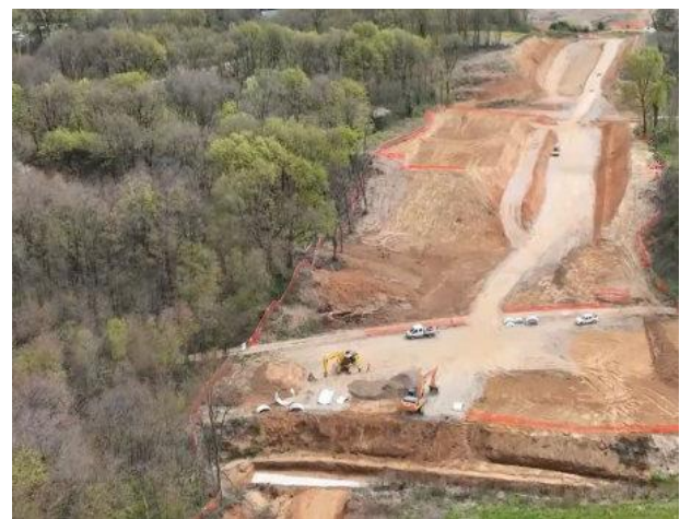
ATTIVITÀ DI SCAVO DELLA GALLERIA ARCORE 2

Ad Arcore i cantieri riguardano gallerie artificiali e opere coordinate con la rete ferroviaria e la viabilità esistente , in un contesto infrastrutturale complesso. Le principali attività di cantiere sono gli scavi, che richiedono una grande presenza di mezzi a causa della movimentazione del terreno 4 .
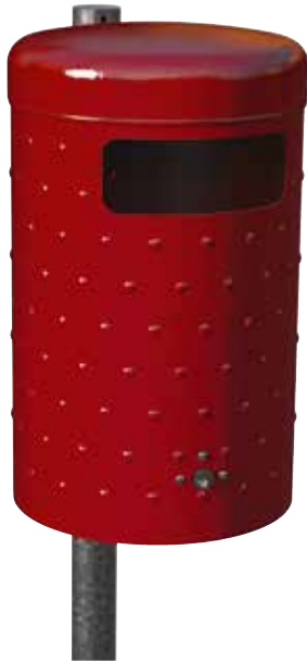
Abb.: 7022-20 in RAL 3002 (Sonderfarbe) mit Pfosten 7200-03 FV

◇ ◇ ◇ ◇ ◇

▶ [Work order]
The pictures should not be reproduced; quote all of the other material exactly.

▶ [Problem solution]
ATTIVITÀ DI SCAVO DELLA GALLERIA ARCORE 2

Ad Arcore i cantieri riguardano gallerie artificiali e opere coordinate con la rete ferroviaria e la viabilità esistente , in un contesto infrastrutturale complesso. Le principali attività di cantiere sono gli scavi, che richiedono una grande presenza di mezzi a causa della movimentazione del terreno 4 .
Abb.: 7022-20 in RAL 3002 (Sonderfarbe) mit Pfosten 7200-03 FV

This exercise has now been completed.